▶ _LISTED RECORDS_:
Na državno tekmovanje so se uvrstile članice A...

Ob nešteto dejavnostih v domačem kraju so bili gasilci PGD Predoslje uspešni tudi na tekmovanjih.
* * *
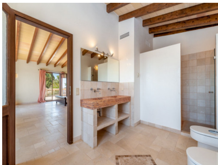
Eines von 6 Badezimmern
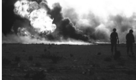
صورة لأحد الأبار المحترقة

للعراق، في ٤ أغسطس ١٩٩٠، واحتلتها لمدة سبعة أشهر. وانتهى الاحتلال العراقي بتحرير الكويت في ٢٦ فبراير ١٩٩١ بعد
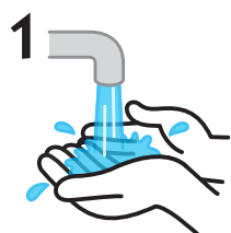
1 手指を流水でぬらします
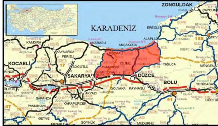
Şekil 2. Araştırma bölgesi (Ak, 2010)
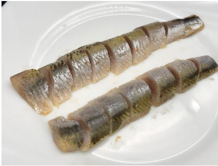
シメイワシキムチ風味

▶ _WHAT YOU NEED TO DO_: Take the listing above and repeat exactly the lines from the one containing "Na državno tekmovanje" through the one containing "Ob nešteto dejavnostih", both included.

▶ _RESPONSE_:
Na državno tekmovanje so se uvrstile članice A...

Ob nešteto dejavnostih v domačem kraju so bili gasilci PGD Predoslje uspešni tudi na tekmovanjih.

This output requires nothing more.